Given the number of trail ride places that leave 20-40 horses tacked up with out any shade all summer long (which is disgusting, IMHO), I'd have to guess shade is not considered necessary.

I suspect the Humane Society knows the law.


----------



## bsms (Dec 31, 2010)

This is from the Apache Junction website:

"8. What should I do if I am concerned about the welfare of an animal?
All dogs must have adequate shade and shelter available and water 24 hours a day. If you are concerned or would like to report animal abuse, neglect, abandoned or are just concerned about an animal, please call the Police Department at this number (480) 982-8260.

Horses are considered livestock and are not required to have shade, however, if you feel the horse is in distress, please contact the Arizona Livestock at (602) 542-0872."

Apache Junction, AZ - Official Website

I suspect that is your answer regarding the law in AZ...I'd be more concerned about this:

http://tucsoncitizen.com/arizona-ne...vers-grapple-with-county-zoning-restrictions/


----------



## kitten_Val (Apr 25, 2007)

DraftyAiresMum said:


> It depends on where you live, KV. Down by Phoenix and Tucson (in the cities), the property taxes are WAY higher than they are up north (about an hour and a half south of Flagstaff and two hours north of Phoenix) where I live.

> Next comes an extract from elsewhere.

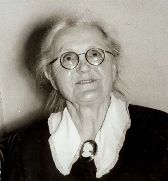 Personalalbum fra Christiania Seildugsfabrik, påbegynt i 1956. Portrett av Olga Johansen, jutespinneriet. Født 23.01.1884. Død 20.08.1957. Ansatt 1917. Pensj. 1948.

Oh, I see... Taxes seems to be very high everywhere in MD, so I didn't think about it.


----------



## kitten_Val (Apr 25, 2007)

bsms said:


> Here is an example. I don't know who owns the house, but it is one we looked at buying once some years back so I've been inside. It is an older home, not all that well cared for but in a quiet neighborhood. It is in Corona de Tucson, about 20 miles south of Tucson. It has 1900 sq ft, on 0.25 acres IIRC.
> 
> In Sept 2010, it sold for $110K.


$110K for the house! Now THAT is very cheap! May be I have to move down there. :lol:


----------